Aim of the exercise :: Return the whole listing exactly, omitting the pictures.

Supplied data ::
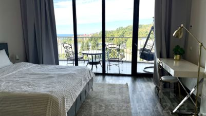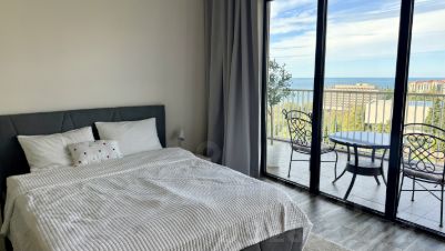 большой просторный балкон, 7 этаж, потрясающий вид на море и горы одновременно (сторона Лазурки),
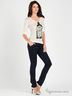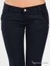 Детали: втачной пояс и шлевки для ремня, застежка на молнии и на пуговице, два прорезных кармана брючного пошива, два прорезных кармана сзади с небольшой металлической вставкой, брючины заужены к низу.
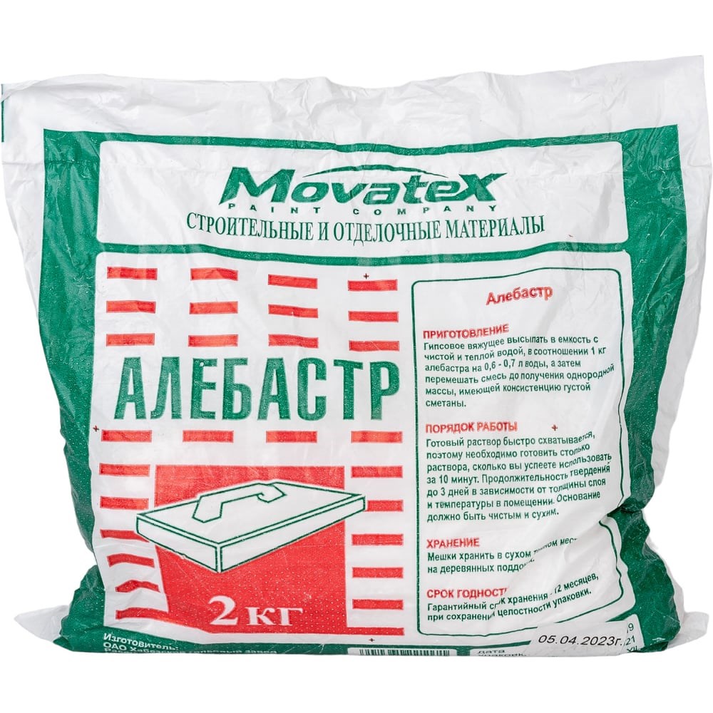 Алебастр 2 кг Movatex Т02360 используется в бытовых и строительных целях. Предназначен для заделки швов, углублений, трещин. А так же применяется для производства гипсовых изделий (гипсокартонных листов, лепнины, сухой штукатурки). С помощью гипса можно без проблем устранить любые неровности потолков и стен. Способствует отличной звукоизоляции помещения. Дополнительные характеристики: Min толщина слоя: 5 мм Max толщина слоя: 15 мм Жизнеспособность раствора: 10 мин. Время высыхания: 6-12 часов Min температура использования: +5 °С Max температура использования: +25 °С
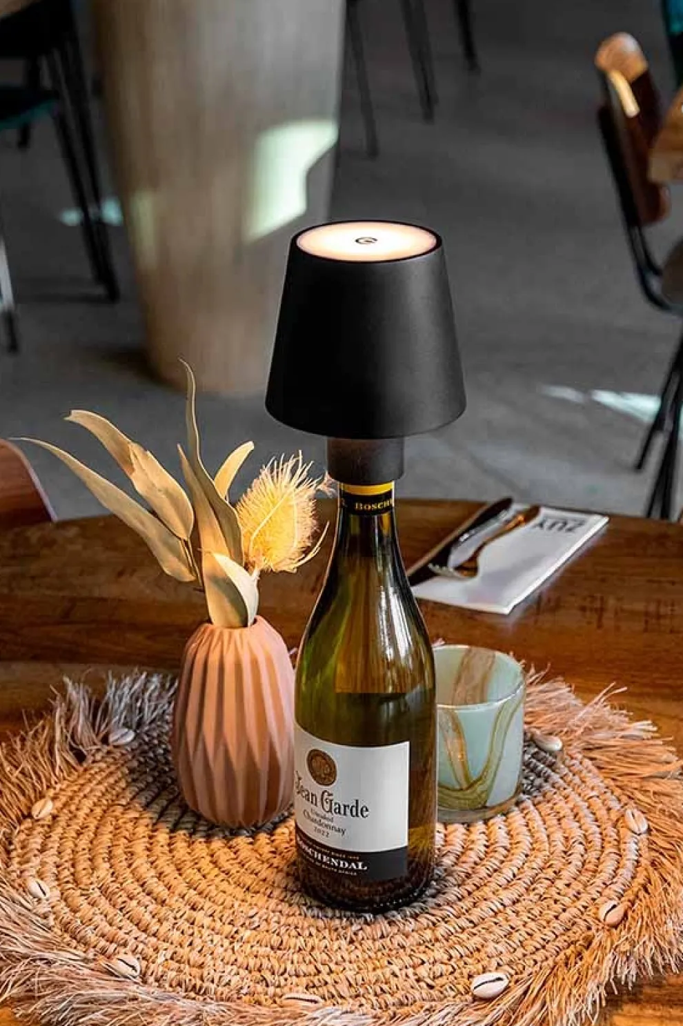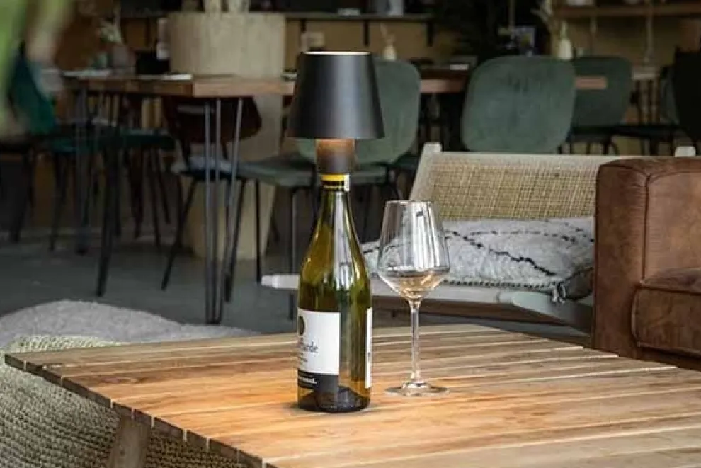 Waterbestendige tafellamp voor op wijnfles van het merk Securit. Staploos dimbaar. Warmwit licht Geschikt voor de perfecte ambiance. Tot 20 uur werking op een enkele batterij lading. Gemakkelijk op te laden en op de bergen dankzij magnetische oplaadconnector. Inclusief 2 soorten aansluitstuk(kurk en dop). Voor binnen en buitengebruik. Laag stroomverbruik en 2 jaar garantie.

Exercise solution ::
 большой просторный балкон, 7 этаж, потрясающий вид на море и горы одновременно (сторона Лазурки),
 Детали: втачной пояс и шлевки для ремня, застежка на молнии и на пуговице, два прорезных кармана брючного пошива, два прорезных кармана сзади с небольшой металлической вставкой, брючины заужены к низу.
 Алебастр 2 кг Movatex Т02360 используется в бытовых и строительных целях. Предназначен для заделки швов, углублений, трещин. А так же применяется для производства гипсовых изделий (гипсокартонных листов, лепнины, сухой штукатурки). С помощью гипса можно без проблем устранить любые неровности потолков и стен. Способствует отличной звукоизоляции помещения. Дополнительные характеристики: Min толщина слоя: 5 мм Max толщина слоя: 15 мм Жизнеспособность раствора: 10 мин. Время высыхания: 6-12 часов Min температура использования: +5 °С Max температура использования: +25 °С
 Waterbestendige tafellamp voor op wijnfles van het merk Securit. Staploos dimbaar. Warmwit licht Geschikt voor de perfecte ambiance. Tot 20 uur werking op een enkele batterij lading. Gemakkelijk op te laden en op de bergen dankzij magnetische oplaadconnector. Inclusief 2 soorten aansluitstuk(kurk en dop). Voor binnen en buitengebruik. Laag stroomverbruik en 2 jaar garantie.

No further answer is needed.